One of the most iconic figures in British politics, Margaret Thatcher took office as Prime Minister in 1979 and would go on to spend a record-breaking 11 years in 10 Downing Street – the longest for any modern holder of the office. Even if she had done nothing of note, she would have gone down in history as Britain’s first woman Prime Minister. However, that is all moot. The fact is Margaret Thatcher did more than any Prime Minister to change the face of Britain.

She took over a Britain that was at its nadir. All-powerful unions went on frequent strikes resulting in hospitals being closed, rubbish piled on floors and even bodies were left unburied.

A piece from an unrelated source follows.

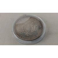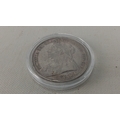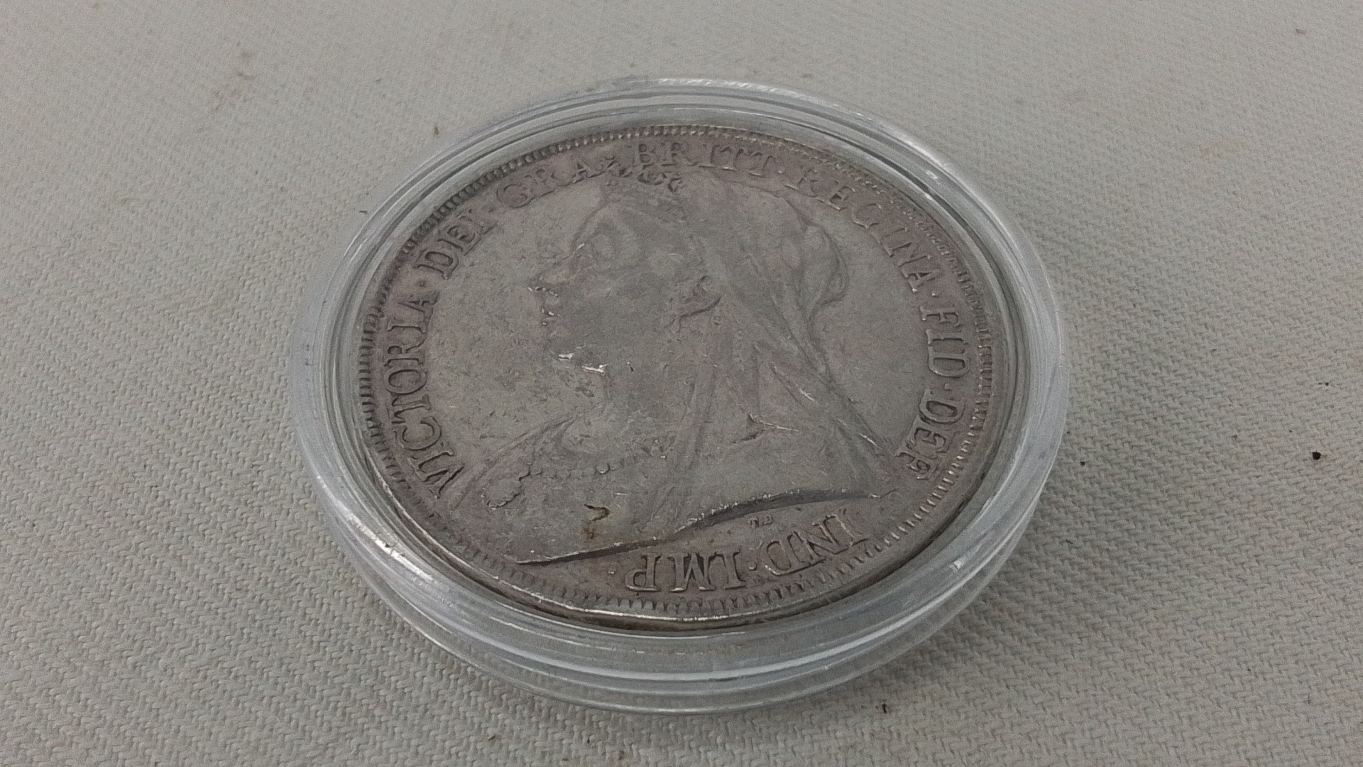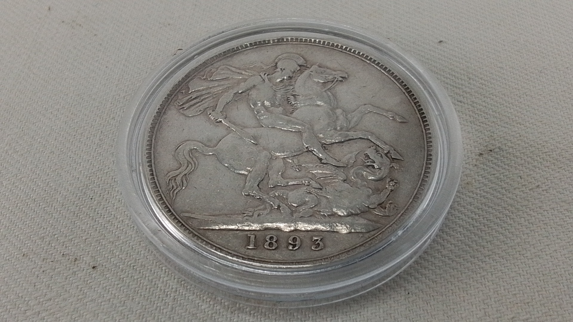 One Victorian silver crown coin, dated 1893, obverse with veiled bust of Queen Victoria inscribed “VICTORIA DEI GRATIA BRITT REGINA FID DEF” and reverse with St George and the Dragon, in a protective capsule.

The country was bankrupt and had to take a loan from the IMF, unemployment was high and inflation was raging. In 1979, the voters, tired of the situation, voted Thatcher’s Conservative Party into power, what they got was nothing short of a revolution.

Her methods might not have been pleasing to all but they worked. The unions, which had previously managed to bring governments to their knees, were put in place by stringent legislation which banned wild cat strikes. She privatised nationalised industries such as telecommunications and electricity, making them more efficient. And people who had paid rent to local council for generations for the roof over their heads were given the opportunity to own their own homes.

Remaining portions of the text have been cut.